_PROMPT_
Repeat the data exactly. Pictures are not part of the copy.

_Extracted records_

_ _ _

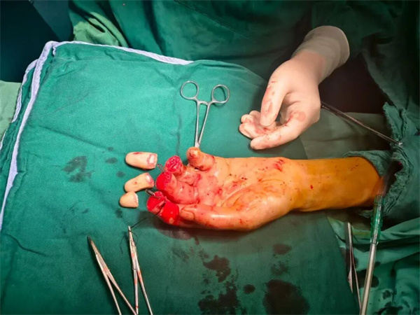 "患者左手食指、中指和无名指末节完全断离。"谢长翔回忆道,"我们立即采取压迫止血、建立静脉通道、镇痛等急救措施,同时严格按照外科诊疗要求对离断指体进行处理,并快速完成术前检查,为再植手术争取宝贵的黄金救治时间。"
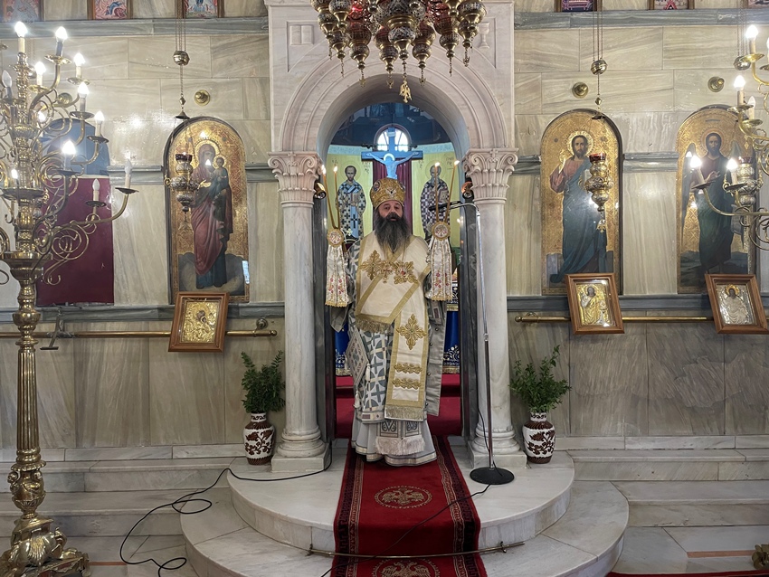 Ο Σεβ. Ποιμενάρχης της Κορίνθου στο τέλος της Θ. Λειτουργίας ευχήθηκε στους μαθητές να έχουν καλή πρόοδο, προκοπή βίου και πίστεως και στους δασκάλους τους υγεία και φώτιση.
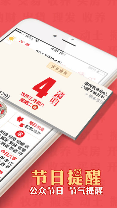 【温馨提醒】最新2017年公众节假日安排已更新,方便提前计划好2017年每个假期! 【最好用的手机万年历】中华万年历中的精品,集农历日历、黄历、天气预报于一身的手机万年历app。 万年历顺历,全球华人炎黄子孙的共同选择,爆款万年历日历应用! 每个中国人都喜欢用顺历,集万年历黄历、天气预报、记事、罗盘等于一身的生活好帮手! 传统文化与现代科技的完美结合,用户量最大的手机黄历软件!融合中国传统老黄历、精准天气预报、记事节日生日提醒、活动安排等,科学有序规划您的人生。 特别说明:择日功能已经移动发现栏目中,需要挑选好日子的同学请移步到发现栏目哦! 用顺历能做什么: 1、专业喜庆择日:选个好日子结婚、开市、旅行,事事顺心! 2、最精准的天气预告:提供一周天气预告,穿衣建议,让你出门既有温度又有风度。 3、贴心的节日提醒:港澳台等地区节日提醒,道历佛历应有尽有! 4、传统黄历宜忌:关注每天该做和不该做的事,事事顺利! 5、随身备忘录:搭配独家每日宜忌的记事功能,轻松安排日程。 6、打牌必备财神罗盘:专业财神方位指示,打牌打麻将必赢秘籍!
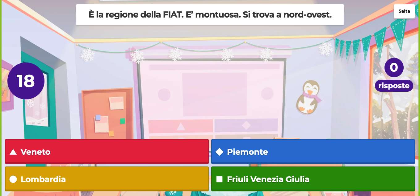 最初のパートでは、イタリア語の教育に最適な番組のクイズが選択され、その後、クイズの視聴と回答の分析が行われます。2番目のパートでは、レッスン自体がテレビクイズに変わります。生徒たちは参加者となります!
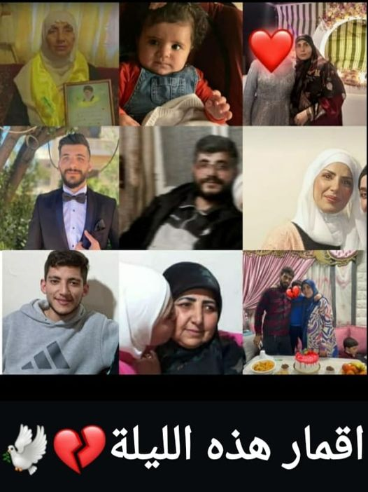 Testimonies mourning the civilian casualties of this attack were widely shared across social media. Many users posted tributes under the phrase “Martyrs of the town of Nabha” accompanied by pictures of the victims smiling and other pictures of the victims surrounded by family members. Other social media users mourned the loss of the young daughter of Mohammed Amhaz and Hawra Madlaj, Sama Muhammed Hussein Amhaz. One post by the family on Facebook stated that “the smallest coffins that leave our home are the heaviest on our hearts” while other social media tributes described Sama as the “youngest and happy today from the Nabha massacre”. These tributes also shared photos of young Sama, who appeared to be a toddler, showing her in a yellow and red animal-themed jumper smiling into the camera. A photograph shared of Sama’s father, Mohammed, shows him in a black cap and shirt. Another photograph, shared by Facebook user Kamal Raad, showed Abbas in glasses and a black puffer jacket, and his mother Souad in a white hijab; Kamal mourned the “brutality” of their deaths.
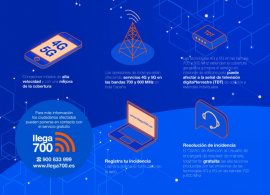 La tecnología prestada sobre estas bandas de frecuencia, anteriormente utilizada por la Televisión Digital Terrestre (TDT), permite ofrecer una mejor cobertura en interiores y la mayor extensión de cobertura posible. Estas redes llegan para mejorar la velocidad de conexión a internet, servicios de televisión, video y música bajo demanda, así como decenas de nuevos servicios que verán la luz en los próximos años para aprovechar el gran potencial de la tecnología. La prestación de los servicios móviles en estas bandas de frecuencia puede conllevar la aparición de determinadas afectaciones en la recepción de la señal de TDT de los usuarios del municipio, debido a que se utilizaban anteriormente para el servicio de televisión.  Para solventar dichas afectaciones, en caso de llegar a producirse, los operadores móviles han confiado en la empresa #llega700, para resolver cualquier tipo de afectación que pueda producirse a cualquier usuario de TDT y en cualquier punto del territorio nacional que se vea afectado por este motivo. Con tal fin, se ha habilitado un teléfono de atención gratuito al que pueden recurrir todos los usuarios que necesiten solicitar la actuación en sus instalaciones para la solución de las afectaciones y, de este modo, que pueda restablecerse el servicio TDT con total normalidad. A estos efectos, les informamos que el número de atención gratuito para los ciudadanos es el siguiente: 900 833 999, y la página web con toda la información al respecto es: www.llega700.es.
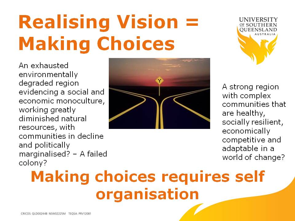 Indeed realising a vision is about making choices and positioning to be able to make choices is about self organisation – a core function of resilience.
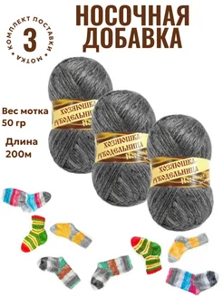 Пряжа для вязания Носочная добавка серый набор 3 мотка
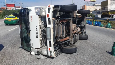 รถบรรทุกก๊าซพลิกคว่ำ ถังก๊าซกระจายเกลื่อนถนน เจ้าหน้าที่เร่งเคลียร์พื้นที่เพื่อป้องกันโศกนาฏกรรม.
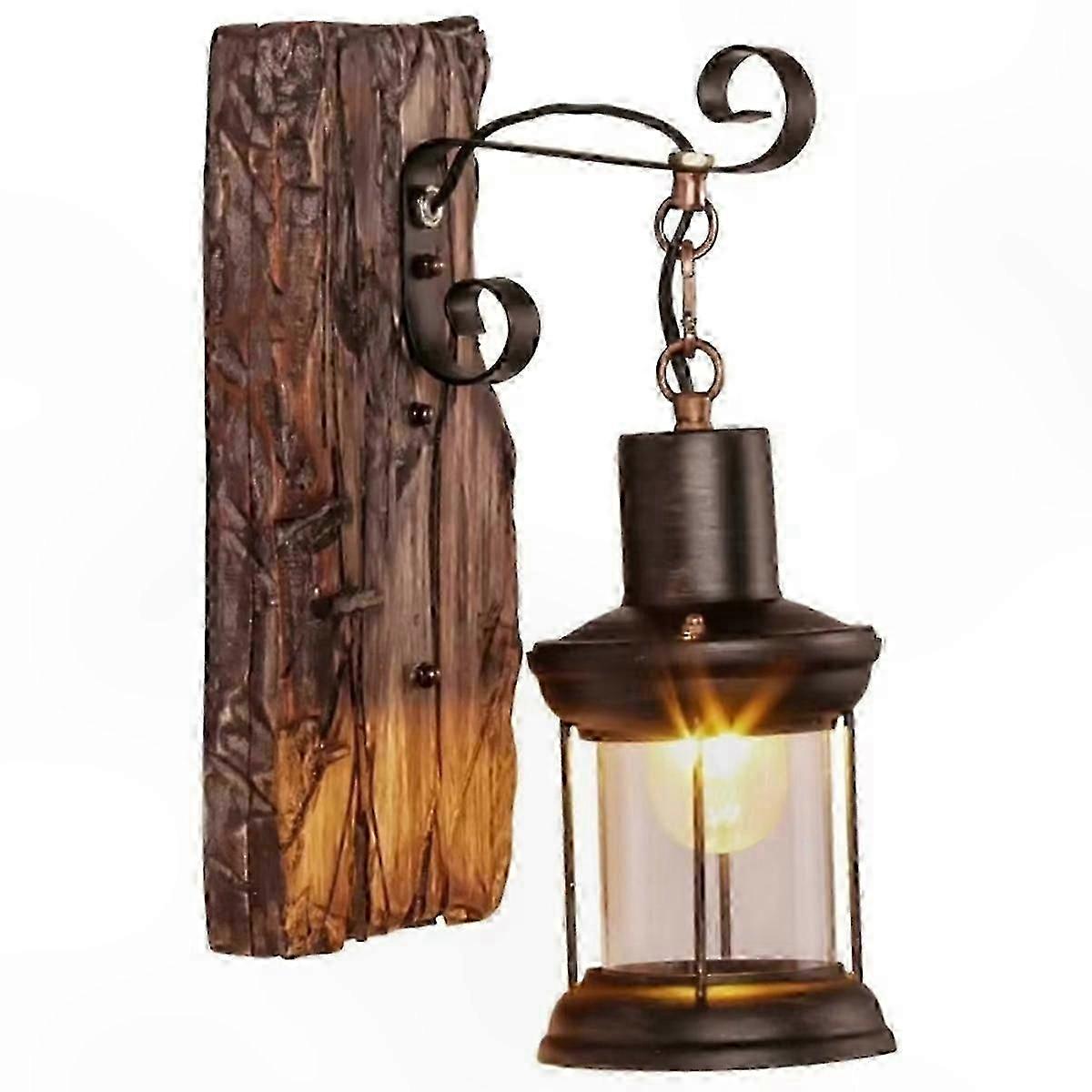 Vintage Industrial Wooden Wall Light Fixture Rustic Sconce for Home Decor
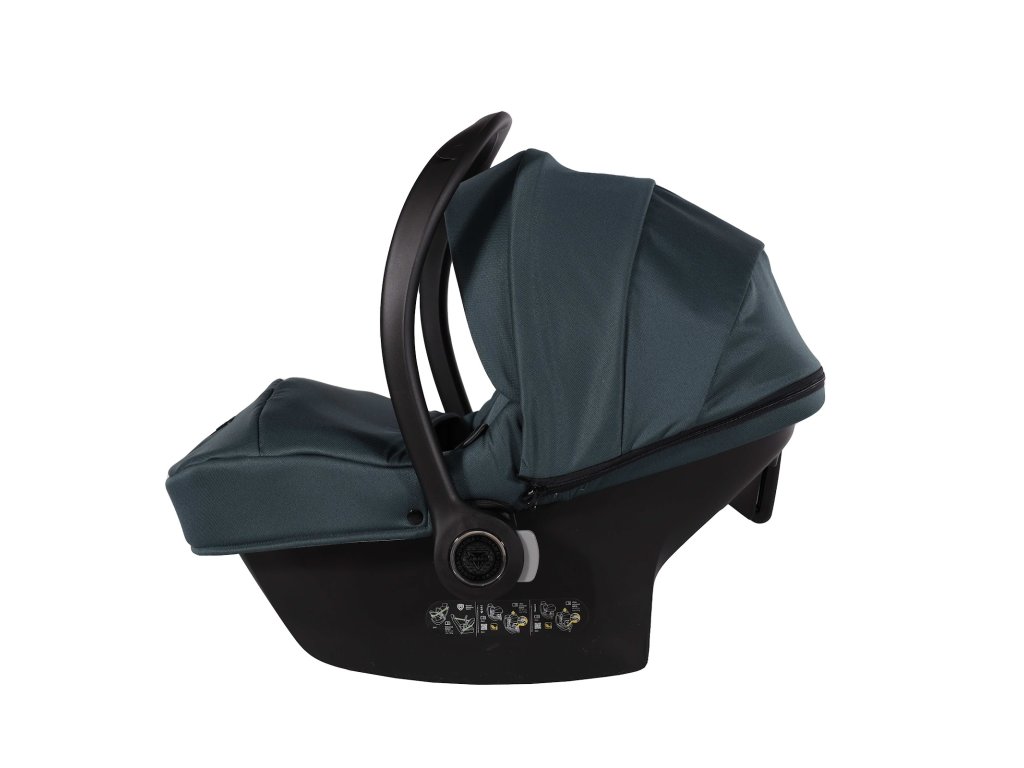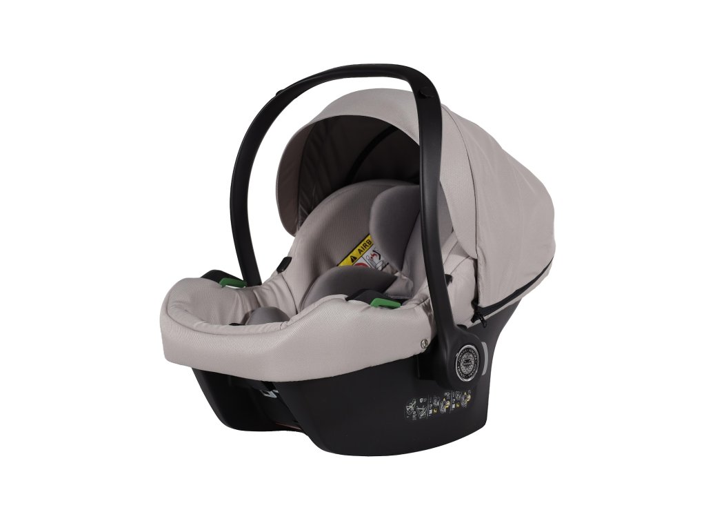 Kompletní travel system. Autosedačka se přímo připojí na rám kočárku — přenesete spící dítě z auta na kočárek bez probuzení, bez sundávání pásů. Bezpečnostní standard I-Size chrání dítě od prvních dnů.
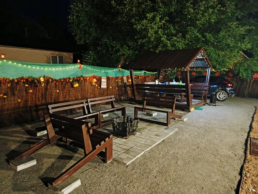Кроме того, вы сможете воспользоваться беседкой для отдыха, качелями, гамаком, настольным теннисом, шезлонгами, аэрохоккеем, баскетбольным кольцом, нардами, гигантской джангой, а также чистой водой из скважины и мангалом с необходимыми принадлежностями. За дополнительную плату вам предложат тир и продажу дубовых веников.
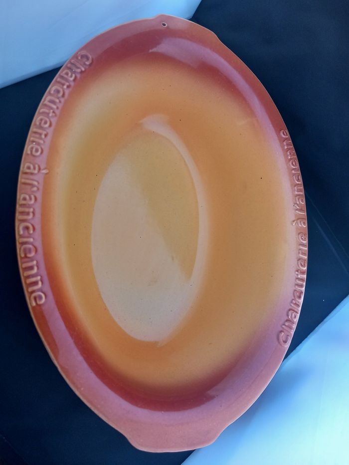 Plat pour terrine ou autre Matière céramique Couleurs marron et jaune Marqué charcuterie à l'ancienne En très bon état Dimensions approximative 10cm de haut : 37cm de long : 25,5cm de large
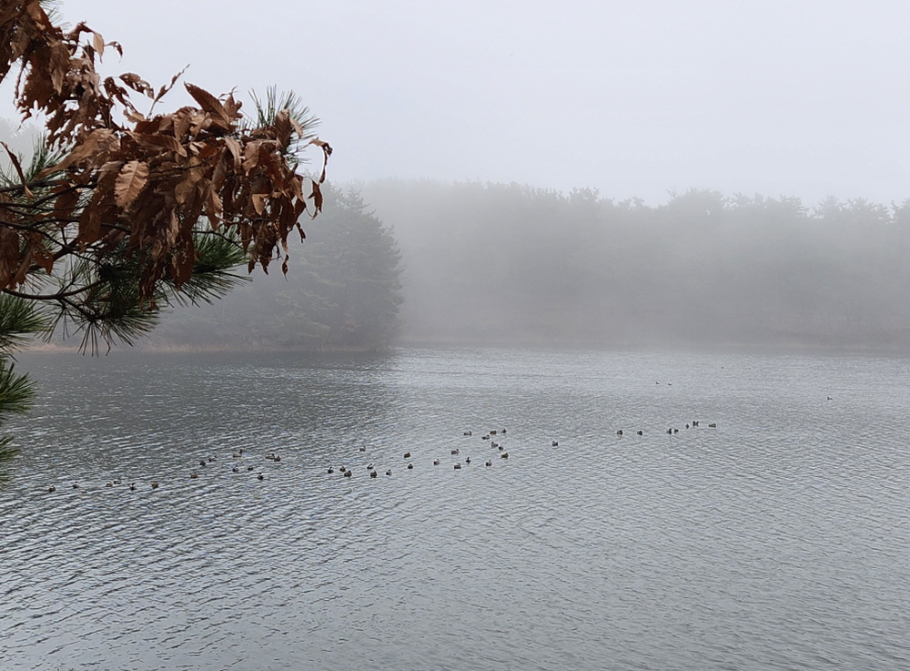 자욱하게 피어오르는 물안개 속 철새들의 움직임은 그대로 풍경이 되어

_ _ _

_OUTPUT FOR THIS TASK_
 "患者左手食指、中指和无名指末节完全断离。"谢长翔回忆道,"我们立即采取压迫止血、建立静脉通道、镇痛等急救措施,同时严格按照外科诊疗要求对离断指体进行处理,并快速完成术前检查,为再植手术争取宝贵的黄金救治时间。"
 Ο Σεβ. Ποιμενάρχης της Κορίνθου στο τέλος της Θ. Λειτουργίας ευχήθηκε στους μαθητές να έχουν καλή πρόοδο, προκοπή βίου και πίστεως και στους δασκάλους τους υγεία και φώτιση.
 【温馨提醒】最新2017年公众节假日安排已更新,方便提前计划好2017年每个假期! 【最好用的手机万年历】中华万年历中的精品,集农历日历、黄历、天气预报于一身的手机万年历app。 万年历顺历,全球华人炎黄子孙的共同选择,爆款万年历日历应用! 每个中国人都喜欢用顺历,集万年历黄历、天气预报、记事、罗盘等于一身的生活好帮手! 传统文化与现代科技的完美结合,用户量最大的手机黄历软件!融合中国传统老黄历、精准天气预报、记事节日生日提醒、活动安排等,科学有序规划您的人生。 特别说明:择日功能已经移动发现栏目中,需要挑选好日子的同学请移步到发现栏目哦! 用顺历能做什么: 1、专业喜庆择日:选个好日子结婚、开市、旅行,事事顺心! 2、最精准的天气预告:提供一周天气预告,穿衣建议,让你出门既有温度又有风度。 3、贴心的节日提醒:港澳台等地区节日提醒,道历佛历应有尽有! 4、传统黄历宜忌:关注每天该做和不该做的事,事事顺利! 5、随身备忘录:搭配独家每日宜忌的记事功能,轻松安排日程。 6、打牌必备财神罗盘:专业财神方位指示,打牌打麻将必赢秘籍!
 最初のパートでは、イタリア語の教育に最適な番組のクイズが選択され、その後、クイズの視聴と回答の分析が行われます。2番目のパートでは、レッスン自体がテレビクイズに変わります。生徒たちは参加者となります!
 Testimonies mourning the civilian casualties of this attack were widely shared across social media. Many users posted tributes under the phrase “Martyrs of the town of Nabha” accompanied by pictures of the victims smiling and other pictures of the victims surrounded by family members. Other social media users mourned the loss of the young daughter of Mohammed Amhaz and Hawra Madlaj, Sama Muhammed Hussein Amhaz. One post by the family on Facebook stated that “the smallest coffins that leave our home are the heaviest on our hearts” while other social media tributes described Sama as the “youngest and happy today from the Nabha massacre”. These tributes also shared photos of young Sama, who appeared to be a toddler, showing her in a yellow and red animal-themed jumper smiling into the camera. A photograph shared of Sama’s father, Mohammed, shows him in a black cap and shirt. Another photograph, shared by Facebook user Kamal Raad, showed Abbas in glasses and a black puffer jacket, and his mother Souad in a white hijab; Kamal mourned the “brutality” of their deaths.
 La tecnología prestada sobre estas bandas de frecuencia, anteriormente utilizada por la Televisión Digital Terrestre (TDT), permite ofrecer una mejor cobertura en interiores y la mayor extensión de cobertura posible. Estas redes llegan para mejorar la velocidad de conexión a internet, servicios de televisión, video y música bajo demanda, así como decenas de nuevos servicios que verán la luz en los próximos años para aprovechar el gran potencial de la tecnología. La prestación de los servicios móviles en estas bandas de frecuencia puede conllevar la aparición de determinadas afectaciones en la recepción de la señal de TDT de los usuarios del municipio, debido a que se utilizaban anteriormente para el servicio de televisión.  Para solventar dichas afectaciones, en caso de llegar a producirse, los operadores móviles han confiado en la empresa #llega700, para resolver cualquier tipo de afectación que pueda producirse a cualquier usuario de TDT y en cualquier punto del territorio nacional que se vea afectado por este motivo. Con tal fin, se ha habilitado un teléfono de atención gratuito al que pueden recurrir todos los usuarios que necesiten solicitar la actuación en sus instalaciones para la solución de las afectaciones y, de este modo, que pueda restablecerse el servicio TDT con total normalidad. A estos efectos, les informamos que el número de atención gratuito para los ciudadanos es el siguiente: 900 833 999, y la página web con toda la información al respecto es: www.llega700.es.
 Indeed realising a vision is about making choices and positioning to be able to make choices is about self organisation – a core function of resilience.
 Пряжа для вязания Носочная добавка серый набор 3 мотка
 รถบรรทุกก๊าซพลิกคว่ำ ถังก๊าซกระจายเกลื่อนถนน เจ้าหน้าที่เร่งเคลียร์พื้นที่เพื่อป้องกันโศกนาฏกรรม.
 Vintage Industrial Wooden Wall Light Fixture Rustic Sconce for Home Decor
 Kompletní travel system. Autosedačka se přímo připojí na rám kočárku — přenesete spící dítě z auta na kočárek bez probuzení, bez sundávání pásů. Bezpečnostní standard I-Size chrání dítě od prvních dnů.
Кроме того, вы сможете воспользоваться беседкой для отдыха, качелями, гамаком, настольным теннисом, шезлонгами, аэрохоккеем, баскетбольным кольцом, нардами, гигантской джангой, а также чистой водой из скважины и мангалом с необходимыми принадлежностями. За дополнительную плату вам предложат тир и продажу дубовых веников.
 Plat pour terrine ou autre Matière céramique Couleurs marron et jaune Marqué charcuterie à l'ancienne En très bon état Dimensions approximative 10cm de haut : 37cm de long : 25,5cm de large
 자욱하게 피어오르는 물안개 속 철새들의 움직임은 그대로 풍경이 되어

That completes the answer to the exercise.